Karl Popper — an Austrian philosopher who fled to New Zealand and then London ahead of the Nazis — published Logik der Forschung (The Logic of Scientific Discovery) in 1934, proposing a single criterion for distinguishing science from non-science: a theory is scientific only if it makes claims that could in principle be falsified by empirical observation. Marxism, psychoanalysis, and astrology — theories that, in Popper's view, could accommodate any observation by reinterpretation — were not scientific by this criterion, however interesting they might be otherwise. Einstein's general relativity, by contrast, made risky predictions (light bending around the sun by about 1.75 arcseconds) that could have failed and didn't — the canonical scientific virtue. Falsifiability became the most-cited demarcation criterion in the philosophy of science.
Popper's core argument is built on an asymmetry: scientific theories are universal claims ("all swans are white", "F = Gm₁m₂/r²"), and no finite number of confirming observations can verify a universal claim while one disconfirming observation can falsify it. So a good scientific theory makes risky predictions that could be wrong and survives those tests, while a theory with no observable implications fails to be scientific. Three corollaries follow: good theories forbid more — a theory saying "A at time t" forbids almost everything else, and the more it forbids the better it is if it survives; ad hoc rescues that modify a theory to accommodate falsifying observations preserve it at the cost of its scientific status; theories are never verified, only corroborated. Popper's framework was a clean answer to Hume — scientists don't induce, they propose, test, and discard or retain provisionally — but it has been endlessly contested. Thomas Kuhn (1962) argued that scientists don't actually behave that way: faced with disconfirming evidence they typically protect the dominant paradigm until anomalies accumulate to crisis, and then shift wholesale. Imre Lakatos refined the picture into research programmes with a hard core protected by a protective belt of auxiliary hypotheses, with progress measured by whether modifications are progressive (predicting new facts) or degenerative. The Duhem-Quine thesis observed that no hypothesis is tested in isolation, so any apparent falsification can be deflected onto auxiliary assumptions or the experimental setup. Modern statistical hypothesis testing (Fisher, Neyman-Pearson) operationalizes Popperian falsification — the null hypothesis is what you try to reject — and is the working version of "try to falsify" in most empirical fields.

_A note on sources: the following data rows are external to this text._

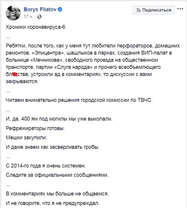 «Ребятки, после того, как у меня тут любители перфораторов, домашних ремонтов, «Эпицентра», шашлыков в парках, создания ВИП-палат в больнице «Мечникова», свободного проезда на общественном транспорте, партии «Слуга народа» и прочего всеобъемлющего бл**ства, устроили ад в комментариях, то дискуссии с вами закрываются», - заявил Филатов.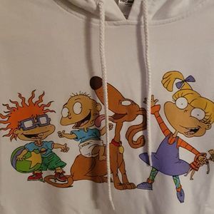 Super adorable and 90s fave toddler cartoon Rugrats hoodie. Also has show logo tape on the side of each sleeve. Sz small.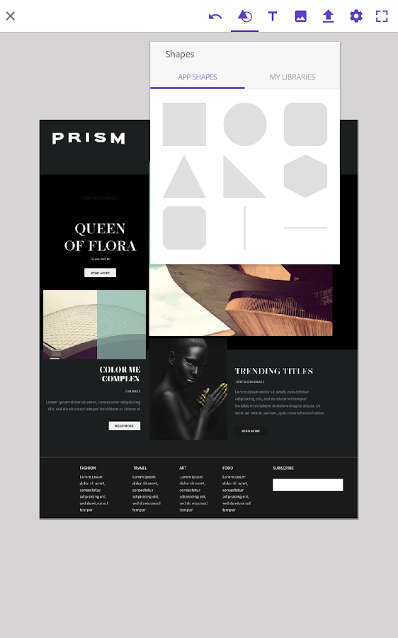 Dapatkan akses mudah di-aplikasi untuk aset Anda - termasuk Adobe Stockimages atau vektor dan tema warna dari Tangkap CC.

"Is it falsifiable?" has become the standard methodological question, applied (often glibly) to claims in psychology, economics, climate science, vaccines, conspiracy theories, and AI capability claims. The question is useful but blunt — many genuinely scientific theories require sophisticated machinery to test (string theory's predicted particles lie at energies no foreseeable accelerator can reach), and many unscientific claims are technically falsifiable but practically protected by adherents' willingness to absorb anything. The replication crisis has put falsification back on the agenda; pre-registration — specifying hypotheses and analysis plans before collecting data — is the methodological response, forcing genuine falsification tests instead of post-hoc rationalization.